I have two emersonii.
The first one opens the bloom since friday. The second is still in very small bud.
From what I heard, they don't last too long. So I don't think the first flower can wait.
1) Is selfing a no no (is there any chance that the flower will set fruit)
2) Is sib cross or out cross easier to get the pod?
3) when will be the optimum date & time to attemp from the date of the bud opening?


----------



## Kyle (Jun 4, 2007)

What else do you have open to make a hybid with? And parvis?

Kyle


----------



## paphreek (Jun 4, 2007)

You can wait a week or so, pull the pollinia from the one in bloom, and store it until the second flower opens. Good luck!


----------



## likespaphs (Jun 4, 2007)

please please please post photos when they open!
emersonii is one if not my favorite. 
just got one, actually. a gift from my favorite grex fancier...


----------



## Hien (Jun 4, 2007)

Kyle said:


> What else do you have open to make a hybid with?
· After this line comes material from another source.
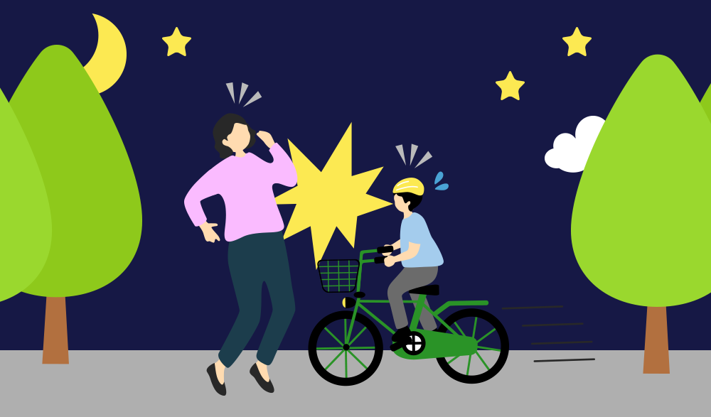 男子小学生(11歳)が夜間、帰宅途中に自転車で走行中、歩道と車道の区別のない道路において歩行中の女性(62歳)と正面衝突。女性は頭蓋骨骨折等の傷害を負い、意識が戻らない状態となった。

And parvis?
> 
> Kyle


 I would like to do a species selfing using the first one or wait to sibbling cross with the second one. Just to create a whole bunch of emersonii flasks. If it is successful, I can share with other peoples, since I heard that the vendors do not carry them anymore (Athought, I have to admit that at 9 cm natural spread, I am not sure anyone would be interested.
I am afraid that I may get no chance trying to get two birds by waiting for the second one to bloom.
-The weather may get too hot, the second one may blast.
-The first one may not be able to hang on till the second one opens.


----------



## Hien (Jun 4, 2007)

paphreek said:


> You can wait a week or so, pull the pollinia from the one in bloom, and store it until the second flower opens. Good luck!


 So you said that at ONE WEEK in bloom is the best time for the pollinia to mature to be harvested?
That maybe a solution, using 1/2 of the pollinia to self the first one,
Saving the other half of the pollinia to outcross with the second flower (unless the second flower is superior to the first. Then should I self the second one, yes?)
When will the flower most sucesstible?
Is half of the pollen is too little?
What is the success rate for emersonii pod (selfing and outcross)


----------



## likespaphs (Jun 4, 2007)

are you gonna send them to troy meyers?


----------



## paphreek (Jun 4, 2007)

Hien said:


> So you said that at ONE WEEK in bloom is the best time for the pollinia to mature to be harvested?
> That maybe a solution, using 1/2 of the pollinia to self the first one,
> Saving the other half of the pollinia to outcross with the second flower (unless the second flower is superior to the first. Then should I self the second one, yes?)
> When will the flower most sucesstible?
> ...



Someone else in another thread once mentioned the week delay before pollinating. Even two weeks would be fine. One of the pollinia should be plenty. Even less would work. I don't have enough species crosses under my belt to comment on success rates, but both the selfing I did (delenatii 'Deerwood' AM/AOS x self) and the outcross (barbigerum x barbigerum fma. aureum) produced plenty of viable seed.


----------



## Hien (Jun 4, 2007)

likespaphs said:


> are you gonna send them to troy meyers?


 That is counting the yet to hatch chickens.:rollhappy: 
You made my head swimming in emersonii already.


----------



## Hien (Jun 4, 2007)

paphreek said:


> Someone else in another thread once mentioned the week delay before pollinating. Even two weeks would be fine. One of the pollinia should be plenty. Even less would work. I don't have enough species crosses under my belt to comment on success rates, but both the selfing I did (delenatii 'Deerwood' AM/AOS x self) and the outcross (barbigerum x barbigerum fma. aureum) produced plenty of viable seed.


 Thanks for the help, really appreciated it


----------